**DATA FOR THE TASK:**
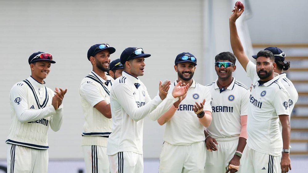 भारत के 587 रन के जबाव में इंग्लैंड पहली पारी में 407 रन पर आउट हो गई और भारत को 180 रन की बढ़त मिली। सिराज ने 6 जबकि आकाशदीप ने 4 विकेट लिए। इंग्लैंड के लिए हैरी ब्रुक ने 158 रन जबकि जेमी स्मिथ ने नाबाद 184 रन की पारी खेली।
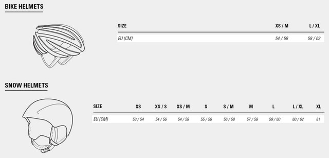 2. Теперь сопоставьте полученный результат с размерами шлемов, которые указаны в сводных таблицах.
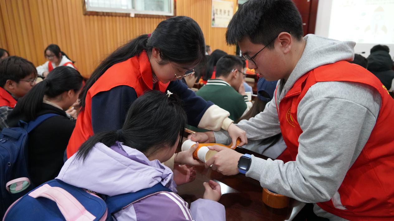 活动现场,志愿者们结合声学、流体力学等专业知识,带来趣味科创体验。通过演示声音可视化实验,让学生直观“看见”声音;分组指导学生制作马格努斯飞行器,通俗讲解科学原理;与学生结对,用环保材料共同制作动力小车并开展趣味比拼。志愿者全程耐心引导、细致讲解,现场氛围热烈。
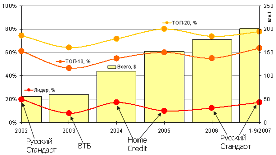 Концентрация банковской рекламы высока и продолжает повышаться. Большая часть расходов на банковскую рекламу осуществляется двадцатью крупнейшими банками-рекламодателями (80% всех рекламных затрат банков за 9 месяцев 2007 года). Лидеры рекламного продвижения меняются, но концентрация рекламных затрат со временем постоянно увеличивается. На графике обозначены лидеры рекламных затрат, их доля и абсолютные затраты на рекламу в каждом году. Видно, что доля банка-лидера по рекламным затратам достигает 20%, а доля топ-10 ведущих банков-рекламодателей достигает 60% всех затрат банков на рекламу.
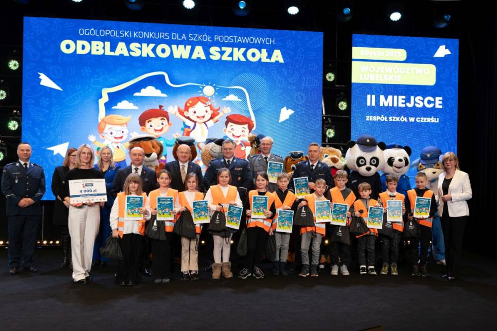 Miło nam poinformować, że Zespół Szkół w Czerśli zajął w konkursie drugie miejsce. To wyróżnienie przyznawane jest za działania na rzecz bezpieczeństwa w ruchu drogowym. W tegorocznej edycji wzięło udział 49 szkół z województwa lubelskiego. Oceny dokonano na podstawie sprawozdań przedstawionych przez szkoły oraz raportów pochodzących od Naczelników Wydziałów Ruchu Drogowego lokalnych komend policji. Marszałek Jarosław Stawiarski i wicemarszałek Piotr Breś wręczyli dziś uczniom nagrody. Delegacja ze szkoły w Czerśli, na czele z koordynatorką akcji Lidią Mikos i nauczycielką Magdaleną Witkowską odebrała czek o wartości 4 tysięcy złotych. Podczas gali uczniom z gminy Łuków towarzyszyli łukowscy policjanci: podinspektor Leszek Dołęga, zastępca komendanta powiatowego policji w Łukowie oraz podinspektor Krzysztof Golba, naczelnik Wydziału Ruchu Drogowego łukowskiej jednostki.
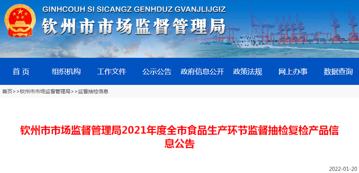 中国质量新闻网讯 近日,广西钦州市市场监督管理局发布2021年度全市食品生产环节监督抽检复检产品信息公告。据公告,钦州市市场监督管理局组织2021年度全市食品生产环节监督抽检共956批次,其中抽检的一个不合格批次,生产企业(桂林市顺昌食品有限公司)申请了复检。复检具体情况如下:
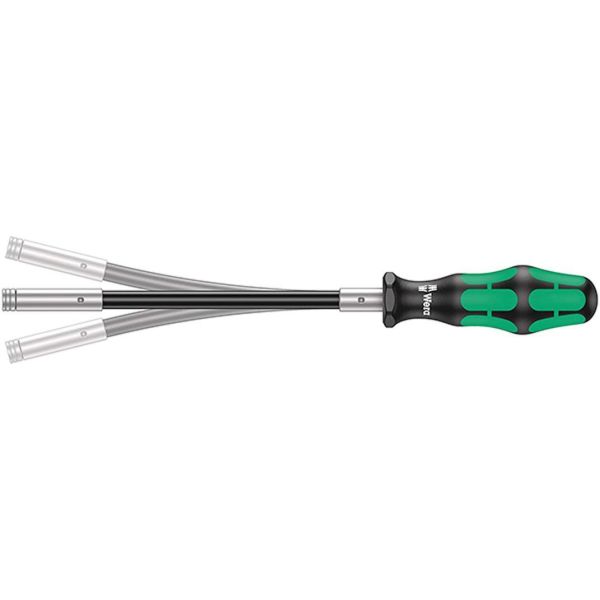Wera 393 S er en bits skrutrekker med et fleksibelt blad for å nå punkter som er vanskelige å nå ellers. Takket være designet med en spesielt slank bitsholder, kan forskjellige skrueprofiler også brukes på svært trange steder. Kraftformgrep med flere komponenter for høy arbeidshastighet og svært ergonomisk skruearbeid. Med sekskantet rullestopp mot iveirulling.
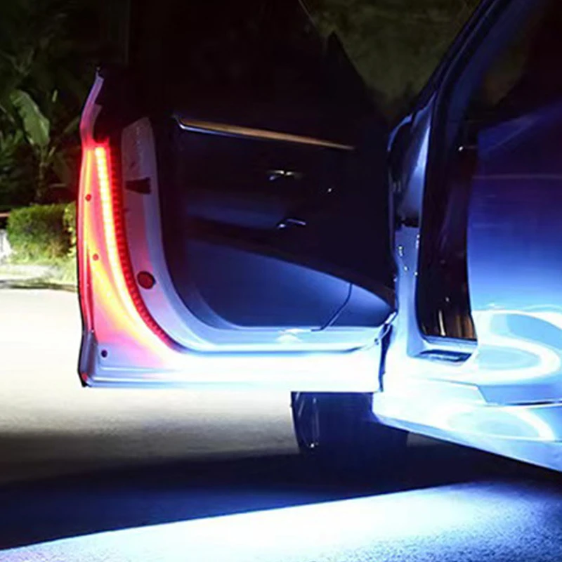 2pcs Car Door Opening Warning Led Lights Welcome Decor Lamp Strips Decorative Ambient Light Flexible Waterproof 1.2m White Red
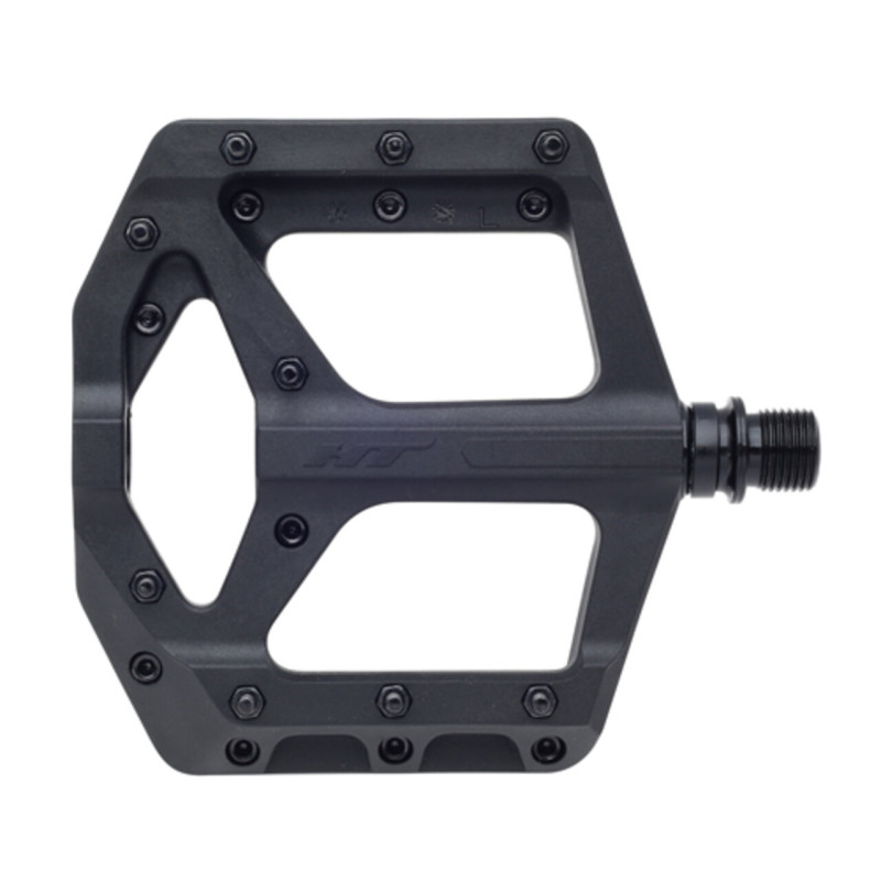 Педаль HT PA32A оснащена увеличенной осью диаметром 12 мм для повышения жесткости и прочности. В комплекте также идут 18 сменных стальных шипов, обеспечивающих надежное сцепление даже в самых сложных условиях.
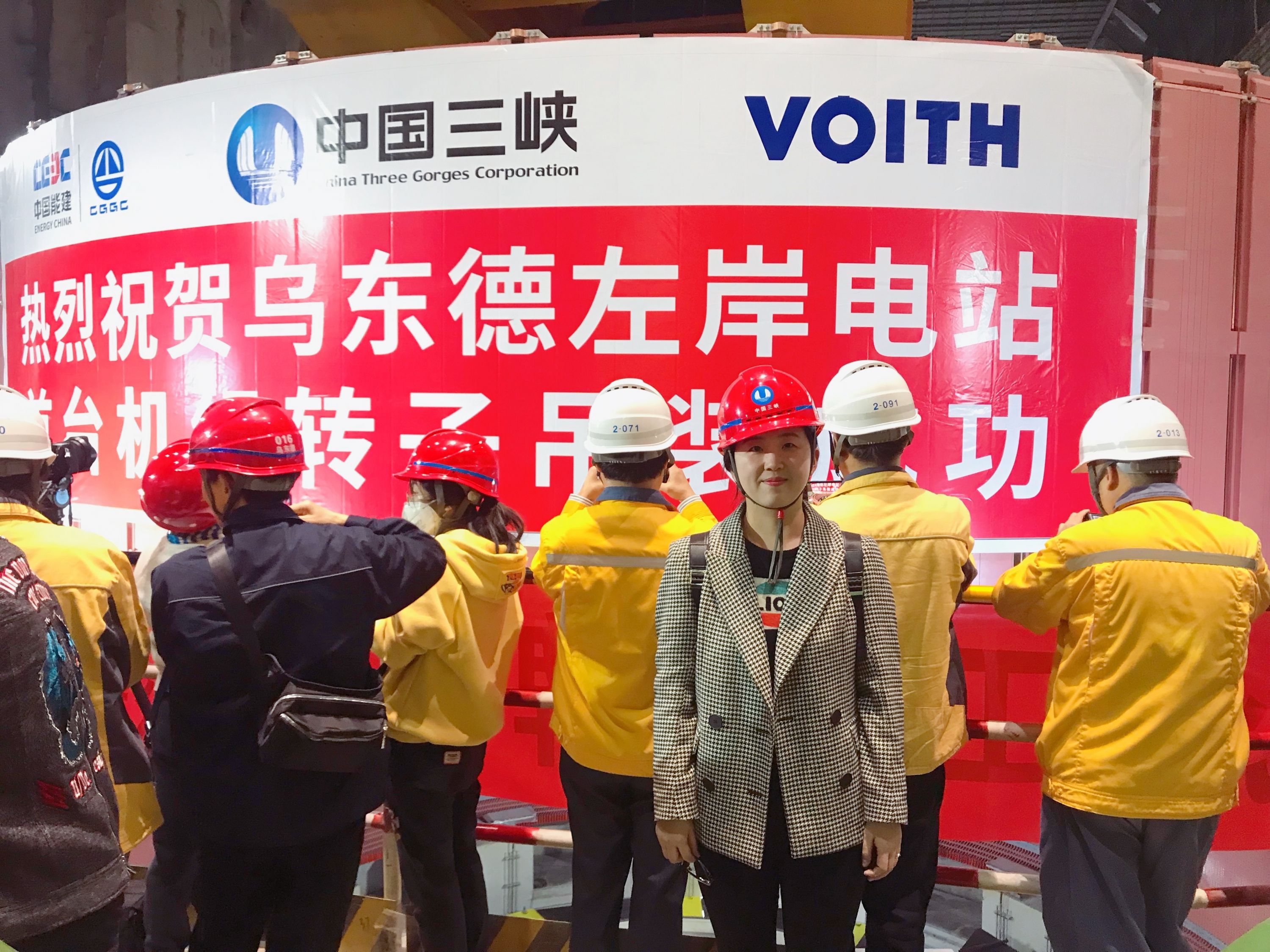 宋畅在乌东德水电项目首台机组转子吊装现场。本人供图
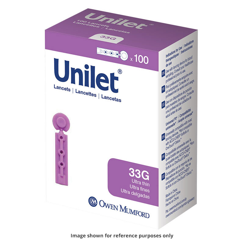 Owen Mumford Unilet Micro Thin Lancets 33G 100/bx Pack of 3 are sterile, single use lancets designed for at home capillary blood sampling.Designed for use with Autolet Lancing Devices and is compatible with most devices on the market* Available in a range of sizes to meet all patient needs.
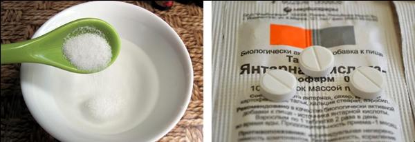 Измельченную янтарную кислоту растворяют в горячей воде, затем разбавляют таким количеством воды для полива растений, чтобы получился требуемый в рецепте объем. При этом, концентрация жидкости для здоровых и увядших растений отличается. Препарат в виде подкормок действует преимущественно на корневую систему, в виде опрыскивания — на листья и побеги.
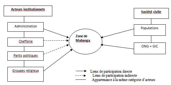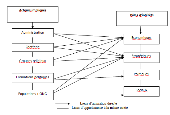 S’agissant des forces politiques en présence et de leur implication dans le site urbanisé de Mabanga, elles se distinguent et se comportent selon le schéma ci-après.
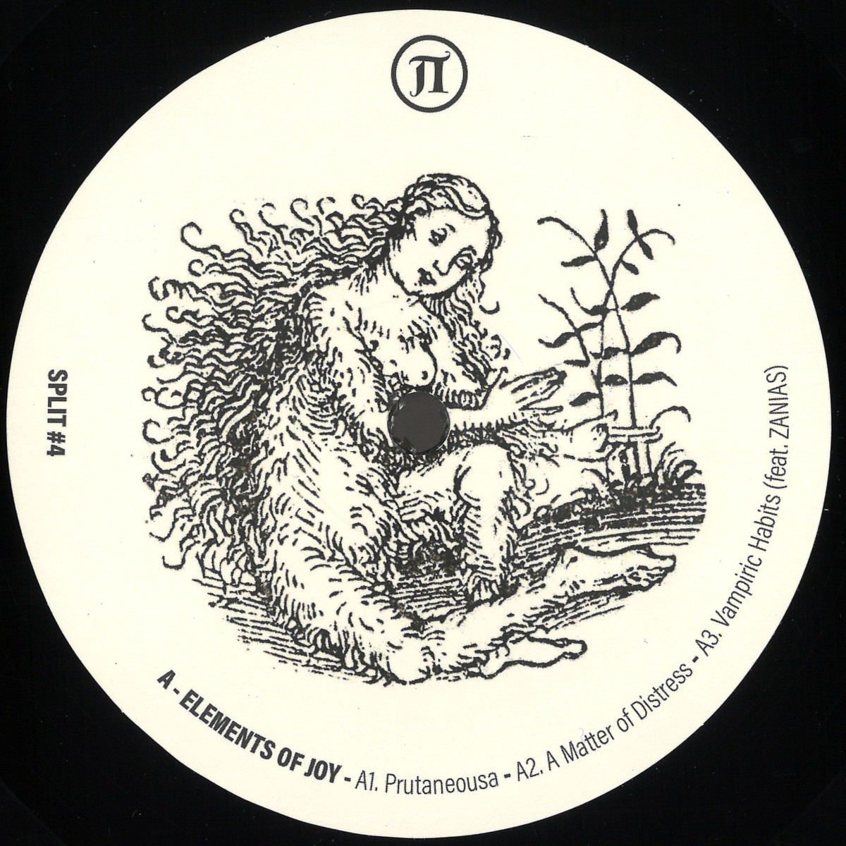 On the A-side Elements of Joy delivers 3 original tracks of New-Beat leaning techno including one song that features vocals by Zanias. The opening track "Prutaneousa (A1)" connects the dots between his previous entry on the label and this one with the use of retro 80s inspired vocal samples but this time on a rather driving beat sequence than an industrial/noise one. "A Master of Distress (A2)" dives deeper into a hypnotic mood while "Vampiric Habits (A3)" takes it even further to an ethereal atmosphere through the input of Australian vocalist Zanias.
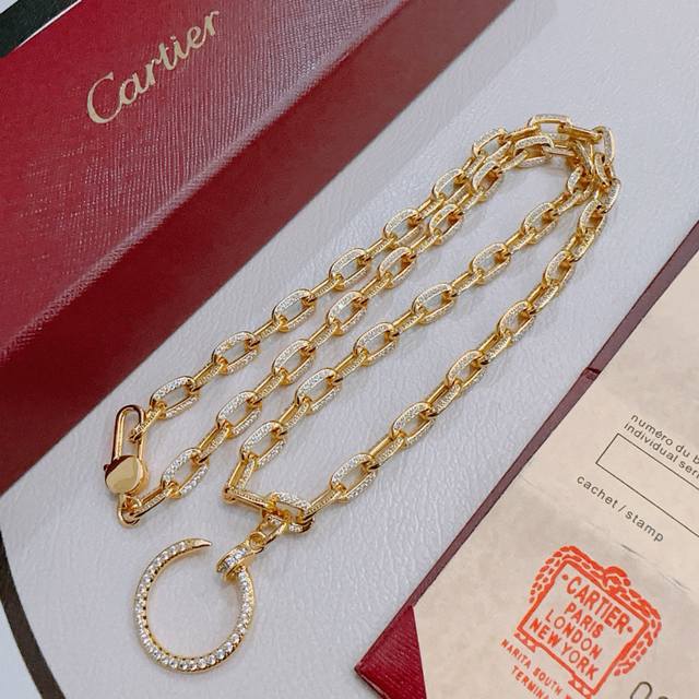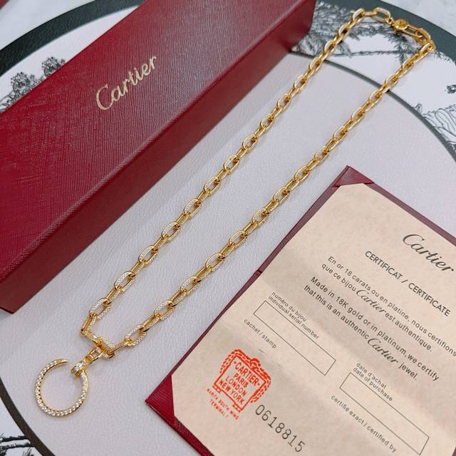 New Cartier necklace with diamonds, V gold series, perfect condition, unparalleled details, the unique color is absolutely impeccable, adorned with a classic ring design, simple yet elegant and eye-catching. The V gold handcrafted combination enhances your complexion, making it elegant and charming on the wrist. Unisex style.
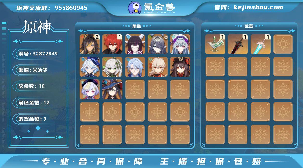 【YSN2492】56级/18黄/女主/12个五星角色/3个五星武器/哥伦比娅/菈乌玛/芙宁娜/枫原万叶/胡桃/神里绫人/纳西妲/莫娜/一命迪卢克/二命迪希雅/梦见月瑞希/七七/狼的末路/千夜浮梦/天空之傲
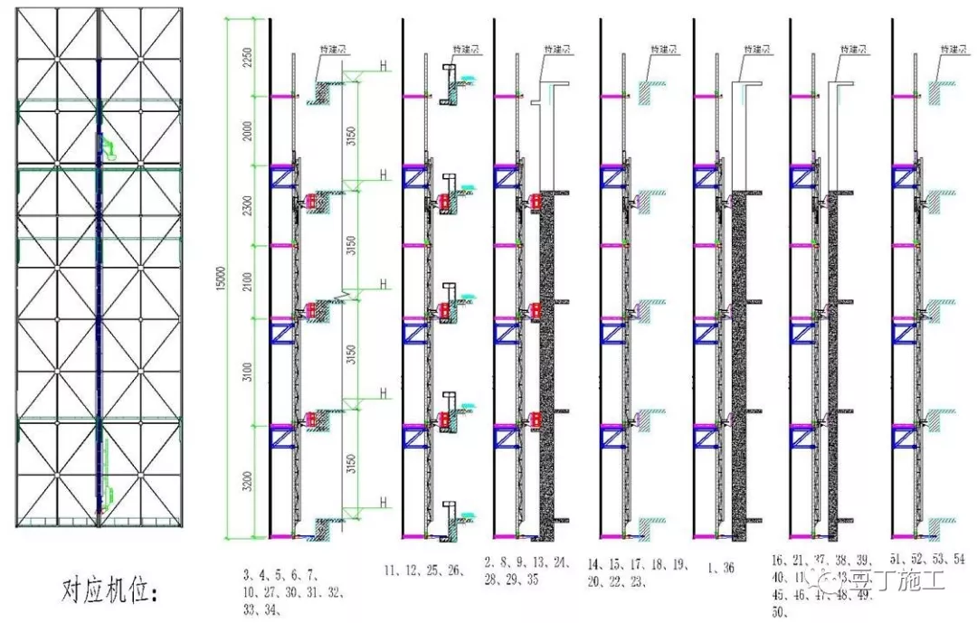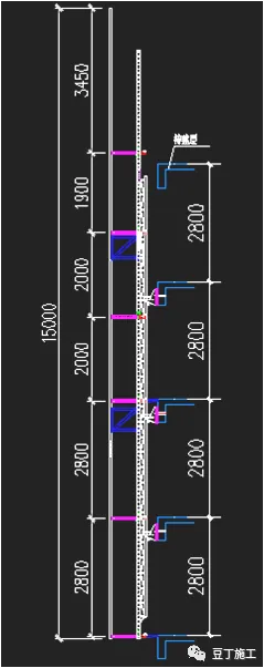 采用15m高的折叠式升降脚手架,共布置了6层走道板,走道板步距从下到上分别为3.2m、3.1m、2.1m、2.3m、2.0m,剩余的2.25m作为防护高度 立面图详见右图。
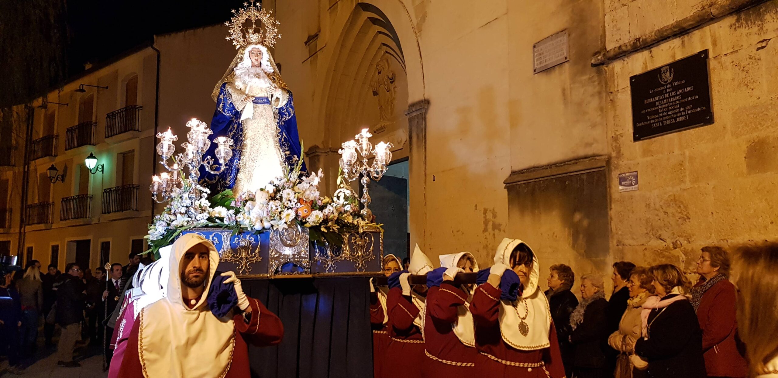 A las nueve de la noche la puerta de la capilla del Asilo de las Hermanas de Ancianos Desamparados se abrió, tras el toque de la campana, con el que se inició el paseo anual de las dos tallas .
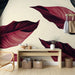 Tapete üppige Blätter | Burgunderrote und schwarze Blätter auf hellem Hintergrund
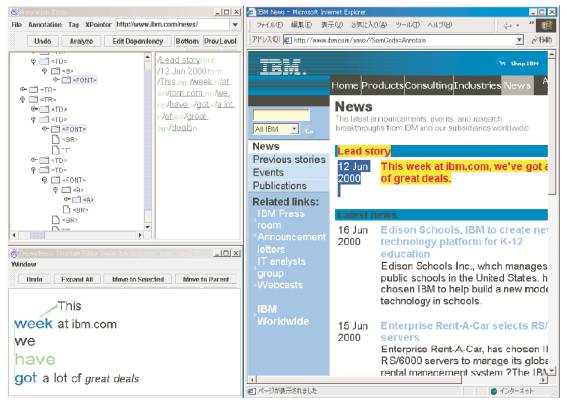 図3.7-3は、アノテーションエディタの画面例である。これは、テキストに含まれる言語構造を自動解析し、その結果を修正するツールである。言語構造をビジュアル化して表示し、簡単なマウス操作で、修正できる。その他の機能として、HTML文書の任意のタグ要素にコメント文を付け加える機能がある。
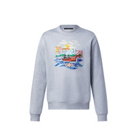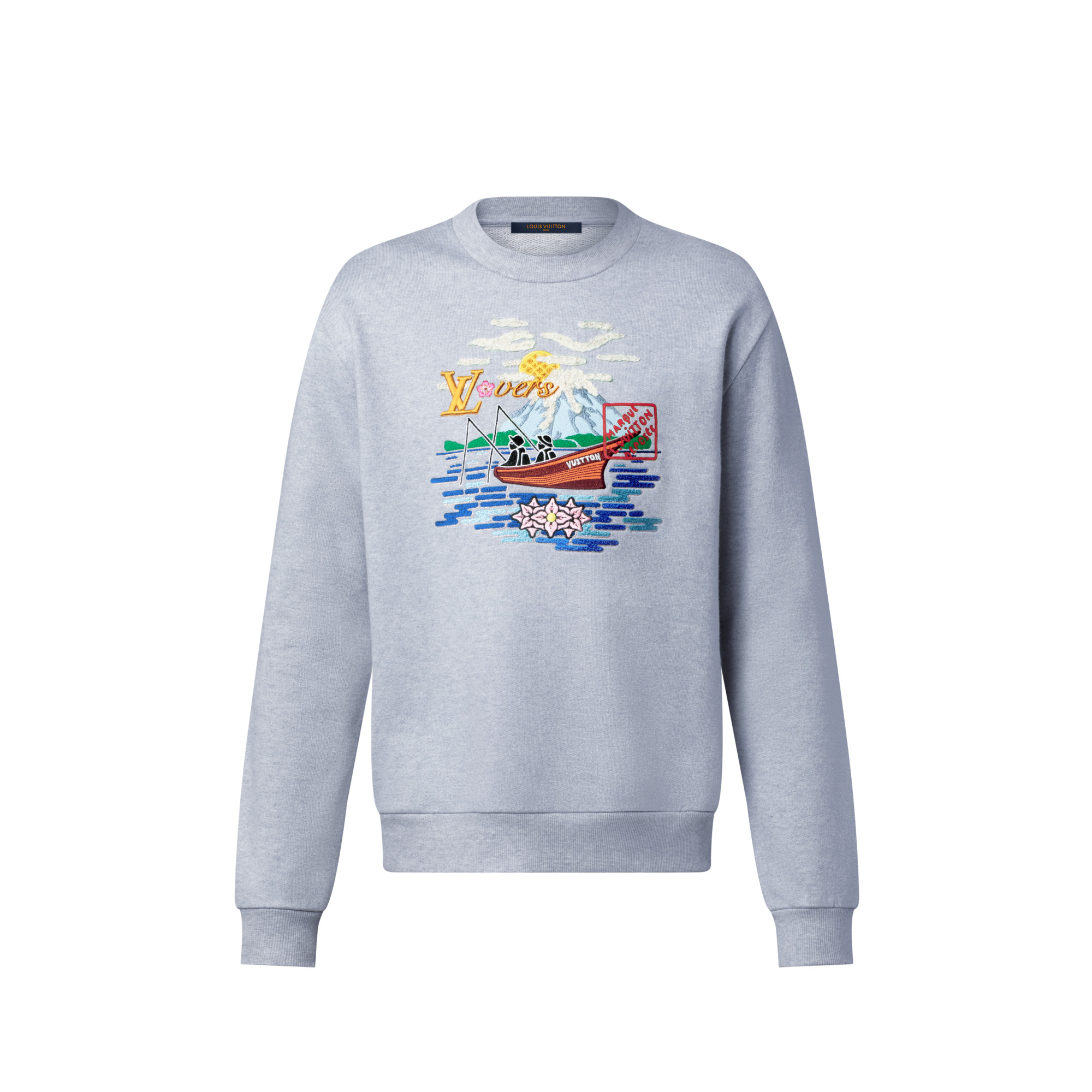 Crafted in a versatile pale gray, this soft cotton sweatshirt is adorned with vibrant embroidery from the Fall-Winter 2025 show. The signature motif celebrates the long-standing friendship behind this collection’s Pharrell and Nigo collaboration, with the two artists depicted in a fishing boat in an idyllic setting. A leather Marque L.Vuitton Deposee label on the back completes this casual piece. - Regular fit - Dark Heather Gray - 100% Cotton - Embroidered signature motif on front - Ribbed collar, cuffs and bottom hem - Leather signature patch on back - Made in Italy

**AIM OF THE TASK:**
An exact copy is needed of the entries above, starting at the line that holds "Педаль HT PA32A" and stopping at the line that holds "S’agissant des forces", both kept; pictures stay out.

**REPLY:**
 Педаль HT PA32A оснащена увеличенной осью диаметром 12 мм для повышения жесткости и прочности. В комплекте также идут 18 сменных стальных шипов, обеспечивающих надежное сцепление даже в самых сложных условиях.
 宋畅在乌东德水电项目首台机组转子吊装现场。本人供图
 Owen Mumford Unilet Micro Thin Lancets 33G 100/bx Pack of 3 are sterile, single use lancets designed for at home capillary blood sampling.Designed for use with Autolet Lancing Devices and is compatible with most devices on the market* Available in a range of sizes to meet all patient needs.
 Измельченную янтарную кислоту растворяют в горячей воде, затем разбавляют таким количеством воды для полива растений, чтобы получился требуемый в рецепте объем. При этом, концентрация жидкости для здоровых и увядших растений отличается. Препарат в виде подкормок действует преимущественно на корневую систему, в виде опрыскивания — на листья и побеги.
 S’agissant des forces politiques en présence et de leur implication dans le site urbanisé de Mabanga, elles se distinguent et se comportent selon le schéma ci-après.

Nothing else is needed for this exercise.